▶ INSTRUCTIONS TO FOLLOW
Your output must consist of the records printed verbatim, with the pictures excluded.

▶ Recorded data

-------------------------

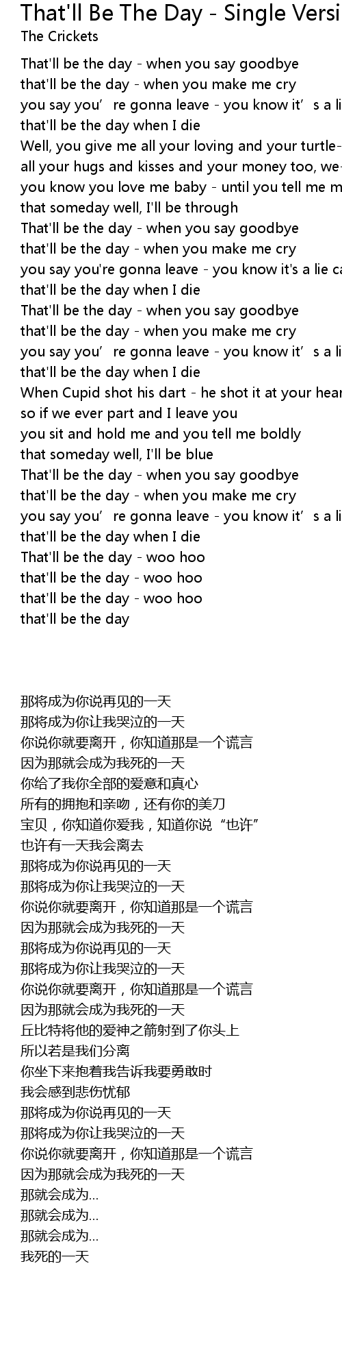 | [00:35.72] | That' ll be the day when you say goodbye |
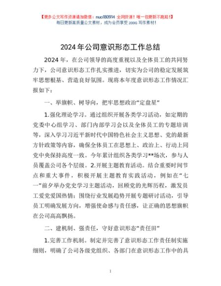 / 2024年公司意识形态工作总结
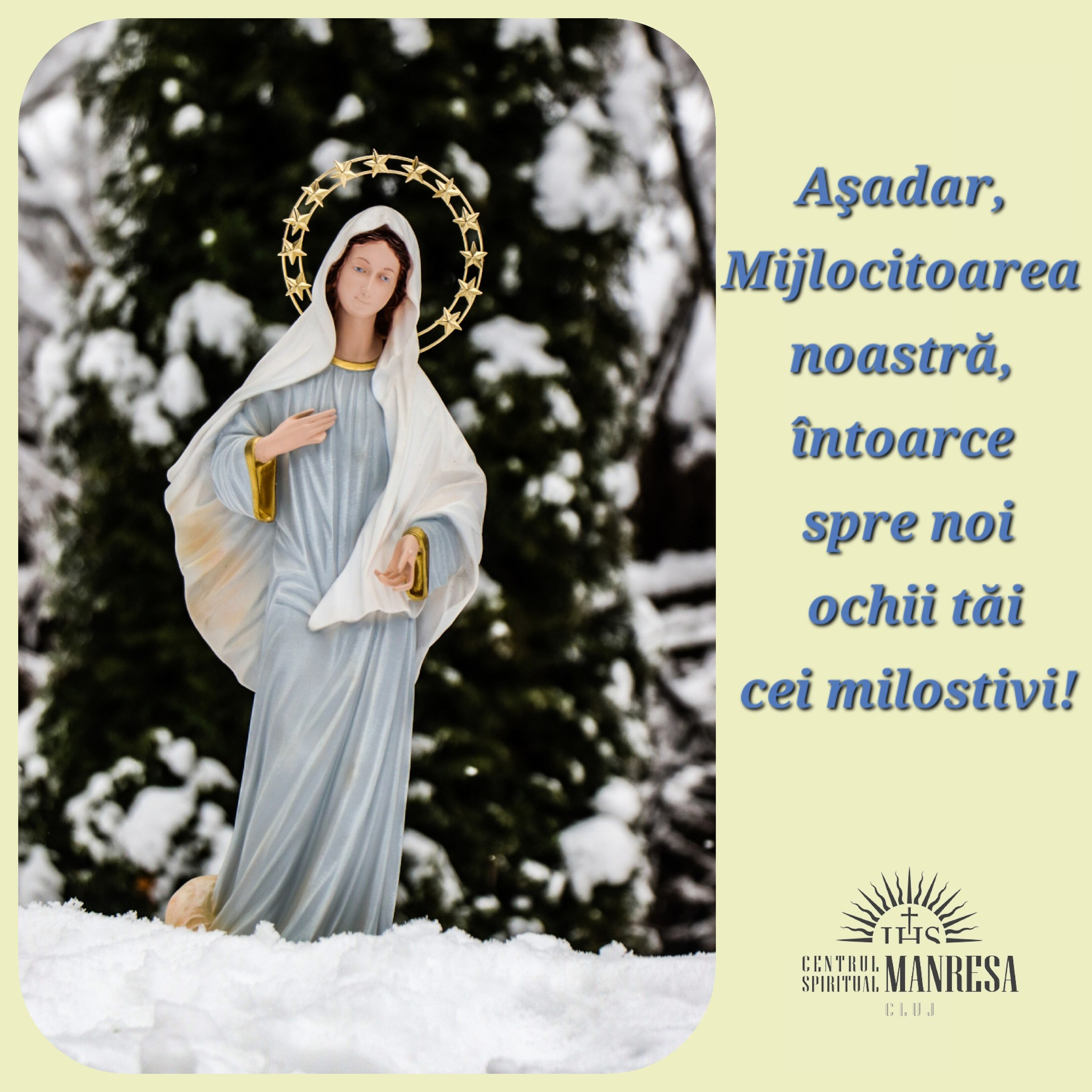Aşadar, Mijlocitoarea noastră, întoarce spre noi ochii tăi cei milostivi, şi după surghiunul acesta, arată-ni-l nouă pe Isus, binecuvântatul rod al trupului tău.
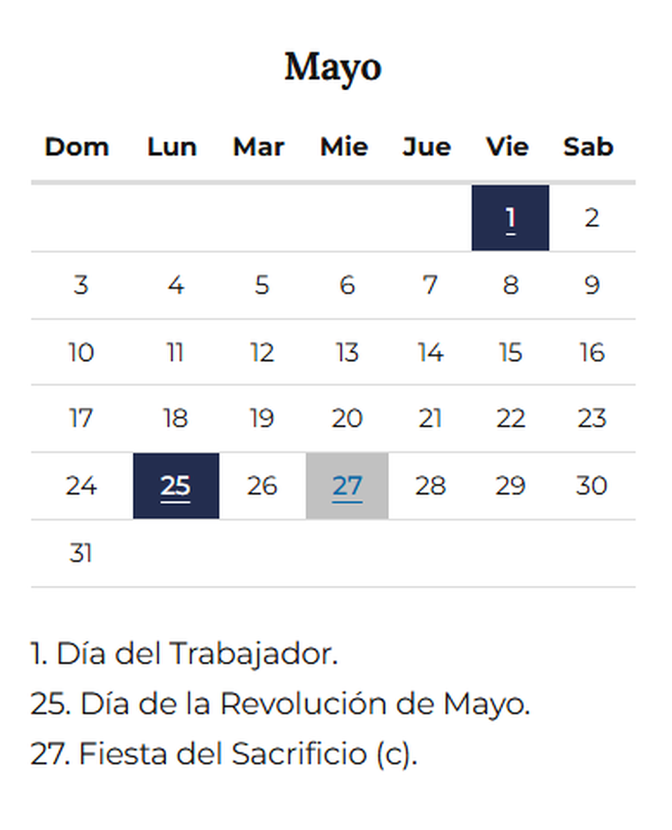 La segunda fecha marcada en el calendario de clases será el lunes 25 de mayo. Al caer al comienzo de la semana, también dará lugar a otro fin de semana largo de tres días, con una nueva pausa en la actividad escolar antes del cierre del mes.
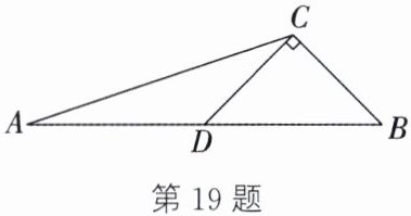19. 如图,在$\bigtriangleup ABC$中,$\tan B = 1$,$BC = 2$,$CD$是边$AB$上的中线,且$CD\perp BC$.求:
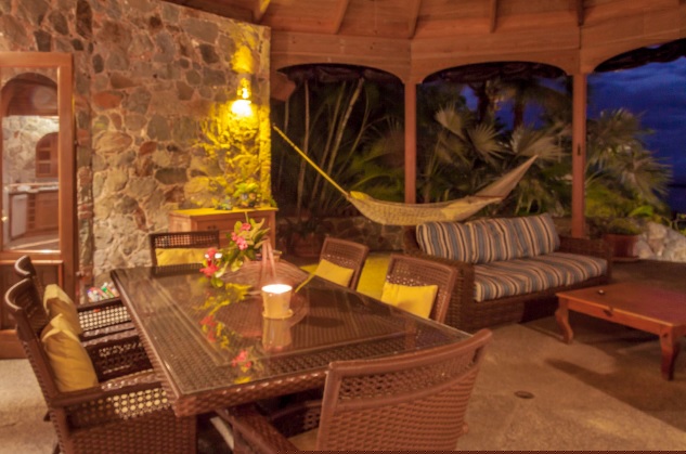 Leave your worries on the mainland. The Stonehouse has everything you need to vacation on St John. Built by legendary St. John builder Glen Speer, Stonehouse is a Coral Bay statement piece. Its elegant stone structure and beautiful landscaping provides the perfect backdrop for a true St. John getaway. The front of the home is graced with a large round rotunda that opens up to a stunning view of mature tropical gardens, Coral Bay harbour and beyond. An octagon pool mirrors the outdoor living space and offers guests endless hours of fun and relaxation in the tropical sun. The spacious Living Room has a ceiling fan, cable TV, DVD player, and a CD player with an Ipod dock. The stereo features indoor and outdoor speakers. Outdoor lighting on timers help make your evening arrivals easy. The fully equipped kitchen with granite countertops includes all the necessities like pots and pans, dishes, silverware, coffee-maker, blender, toaster, gas stove, oven, toaster-oven, microwave, dishwasher, full size refrigerator with freezer, and a washer and dryer. The dining area has seating for six including place mats and candlesticks. Stonehouse is a two bedroom villa which can sleep 4 guests. The First Master Bedroom boasts a beautiful iron king-size four-poster bed, air conditioner, ceiling fan, alarm clock, private flower covered terrace, private bathroom with open stone shower. The first master bedroom faces the water with three beautiful arched windows to drink in the sunrise. The Second Master Bedroom has a king bed, air conditioner, ceiling fan, dresser, built-in bookcase, a private patio seating area, and a private bathroom with open stone shower. The second Master Bedroom faces the water with three stone arched windows. All linens and towels are provided. The stunning rotunda provides shelter from the sun and a breezy place to lounge on two wicker sofas or the hammock. The rotunda features a gas grill, two ceiling fans, outdoor lighting and speakers. Outdoor chaise lounge chairs and a dining table and chairs surround the sparkling pool which is maintained by pool care company. There is also an outdoor bathroom with shower. Beach chairs, coolers and beach towels available for guest use.
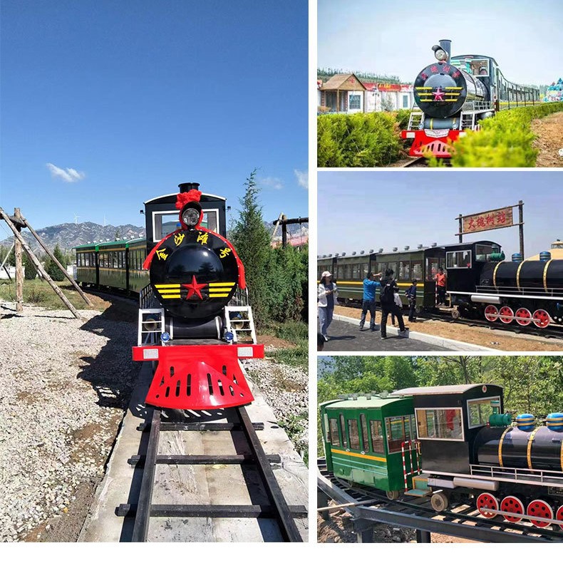 网红景区观光轨道小火车游乐设备户外公园电动蒸汽有轨火车可坐人
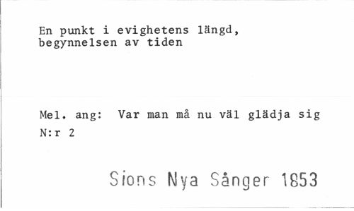 //// En punkt i evighetens längd, begynnelsen av tiden //// Mel. ang: Var man må nu väl glädja sig N: r 2 //// Sions Nya Sånger 1853 ////
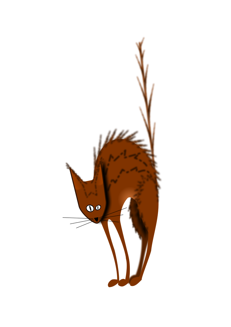 This features a brown cat with long whiskers, standing on its hind legs and looking upwards. It appears to be in an animated or drawn form, giving it a unique appearance. The cat's whiskers are quite prominent, adding to the distinctive look of the creature. Its posture suggests that it might be curious about something above it, possibly drawing attention to its surroundings. Overall, this image presents a quirky and interesting portrayal of a cat in an unconventional setting.
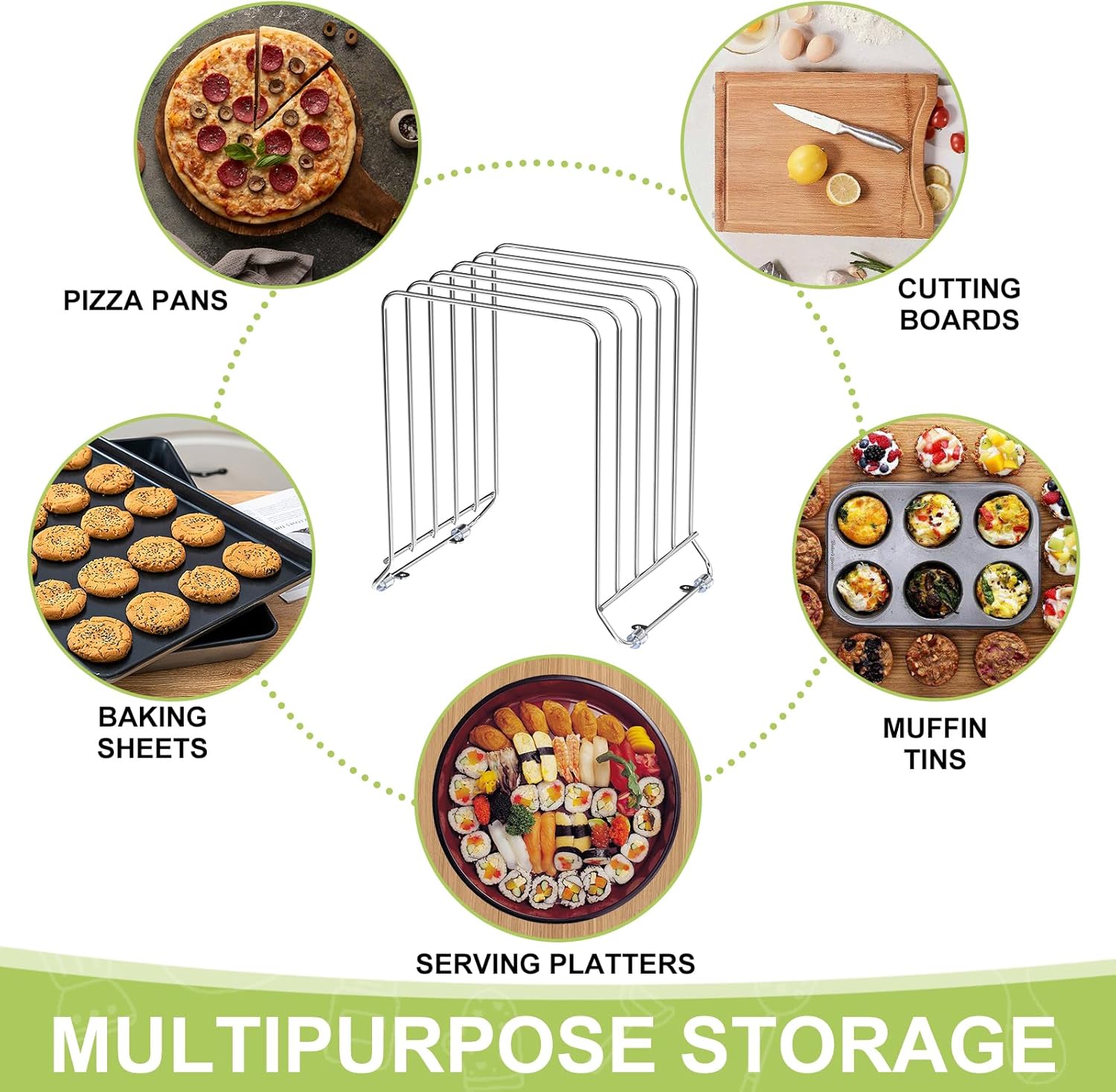 - 【SPACE SAVER】 This cutting board organizer can be put either on your kitchen countertop for daily use or in cabinet to organize to organize cutting boards and bakeware, keep everything organized and tidy, saving valuable kitchen space.
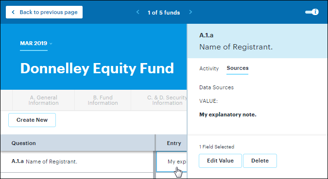 For certain N-PORT filing questions, information will be automatically rolled forward when data is ingested for the account period. However, you also have the option to manually pull values from the previous account period to populate the current filing by clicking the “Edit Value” button at the bottom of the info panel.
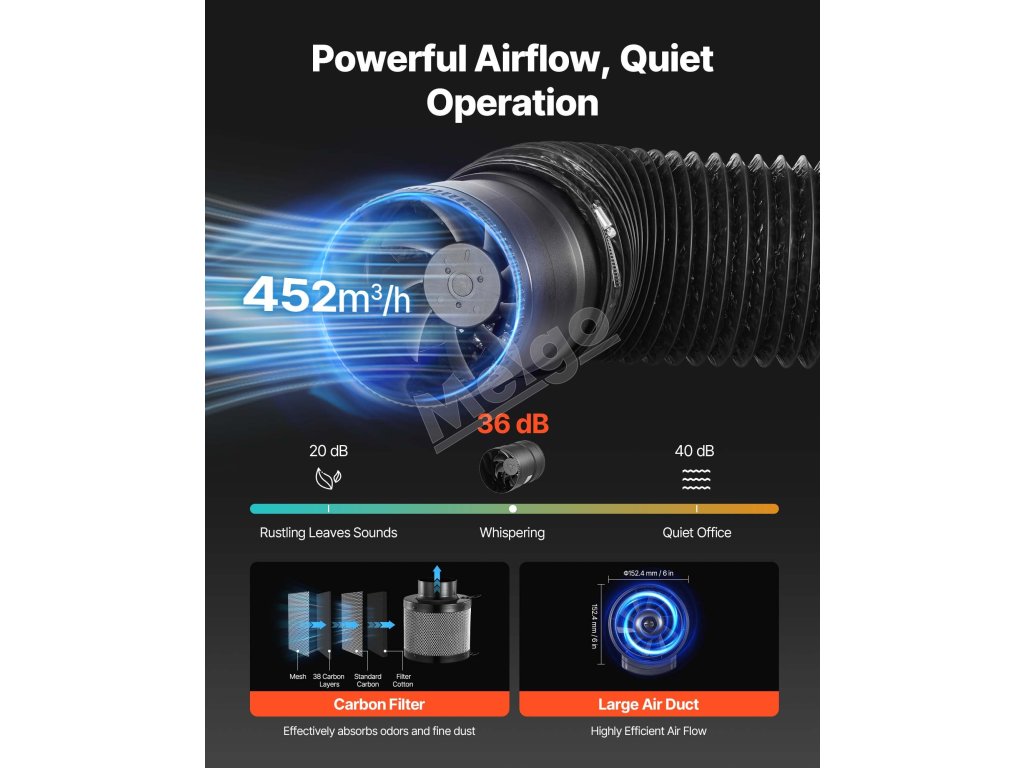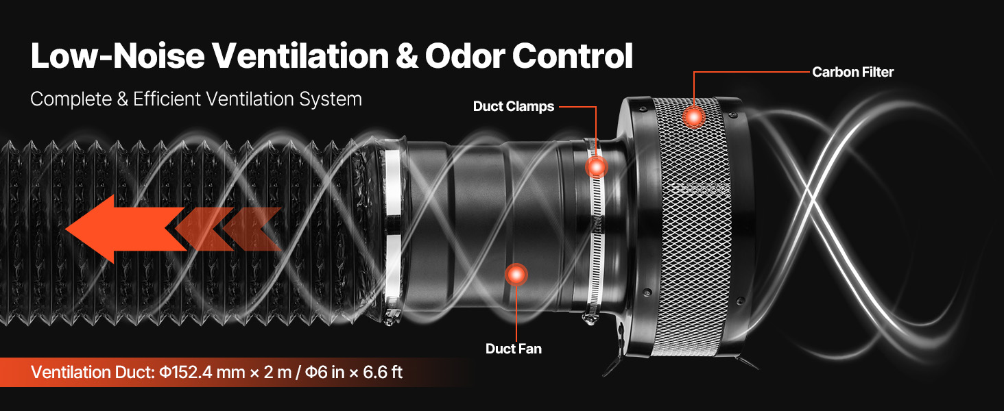 Kompletný systém potrubia účinne dosahuje správne prúdenie vzduchu a rýchle odstraňovanie vlhkosti, ale tiež čistí pachy uvoľňované rastlinami, čím vytvára stabilné a čisté prostredie pre pestovanie. Vďaka nízkej prevádzkovej hlučnosti je vhodný na použitie v domácnosti.

-------------------------

▶ RESULT OF THE EXERCISE
 | [00:35.72] | That' ll be the day when you say goodbye |
 / 2024年公司意识形态工作总结
Aşadar, Mijlocitoarea noastră, întoarce spre noi ochii tăi cei milostivi, şi după surghiunul acesta, arată-ni-l nouă pe Isus, binecuvântatul rod al trupului tău.
 La segunda fecha marcada en el calendario de clases será el lunes 25 de mayo. Al caer al comienzo de la semana, también dará lugar a otro fin de semana largo de tres días, con una nueva pausa en la actividad escolar antes del cierre del mes.
19. 如图,在$\bigtriangleup ABC$中,$\tan B = 1$,$BC = 2$,$CD$是边$AB$上的中线,且$CD\perp BC$.求:
 Leave your worries on the mainland. The Stonehouse has everything you need to vacation on St John. Built by legendary St. John builder Glen Speer, Stonehouse is a Coral Bay statement piece. Its elegant stone structure and beautiful landscaping provides the perfect backdrop for a true St. John getaway. The front of the home is graced with a large round rotunda that opens up to a stunning view of mature tropical gardens, Coral Bay harbour and beyond. An octagon pool mirrors the outdoor living space and offers guests endless hours of fun and relaxation in the tropical sun. The spacious Living Room has a ceiling fan, cable TV, DVD player, and a CD player with an Ipod dock. The stereo features indoor and outdoor speakers. Outdoor lighting on timers help make your evening arrivals easy. The fully equipped kitchen with granite countertops includes all the necessities like pots and pans, dishes, silverware, coffee-maker, blender, toaster, gas stove, oven, toaster-oven, microwave, dishwasher, full size refrigerator with freezer, and a washer and dryer. The dining area has seating for six including place mats and candlesticks. Stonehouse is a two bedroom villa which can sleep 4 guests. The First Master Bedroom boasts a beautiful iron king-size four-poster bed, air conditioner, ceiling fan, alarm clock, private flower covered terrace, private bathroom with open stone shower. The first master bedroom faces the water with three beautiful arched windows to drink in the sunrise. The Second Master Bedroom has a king bed, air conditioner, ceiling fan, dresser, built-in bookcase, a private patio seating area, and a private bathroom with open stone shower. The second Master Bedroom faces the water with three stone arched windows. All linens and towels are provided. The stunning rotunda provides shelter from the sun and a breezy place to lounge on two wicker sofas or the hammock. The rotunda features a gas grill, two ceiling fans, outdoor lighting and speakers. Outdoor chaise lounge chairs and a dining table and chairs surround the sparkling pool which is maintained by pool care company. There is also an outdoor bathroom with shower. Beach chairs, coolers and beach towels available for guest use.
 网红景区观光轨道小火车游乐设备户外公园电动蒸汽有轨火车可坐人
 //// En punkt i evighetens längd, begynnelsen av tiden //// Mel. ang: Var man må nu väl glädja sig N: r 2 //// Sions Nya Sånger 1853 ////
 This features a brown cat with long whiskers, standing on its hind legs and looking upwards. It appears to be in an animated or drawn form, giving it a unique appearance. The cat's whiskers are quite prominent, adding to the distinctive look of the creature. Its posture suggests that it might be curious about something above it, possibly drawing attention to its surroundings. Overall, this image presents a quirky and interesting portrayal of a cat in an unconventional setting.
 - 【SPACE SAVER】 This cutting board organizer can be put either on your kitchen countertop for daily use or in cabinet to organize to organize cutting boards and bakeware, keep everything organized and tidy, saving valuable kitchen space.
 For certain N-PORT filing questions, information will be automatically rolled forward when data is ingested for the account period. However, you also have the option to manually pull values from the previous account period to populate the current filing by clicking the “Edit Value” button at the bottom of the info panel.
 Kompletný systém potrubia účinne dosahuje správne prúdenie vzduchu a rýchle odstraňovanie vlhkosti, ale tiež čistí pachy uvoľňované rastlinami, čím vytvára stabilné a čisté prostredie pre pestovanie. Vďaka nízkej prevádzkovej hlučnosti je vhodný na použitie v domácnosti.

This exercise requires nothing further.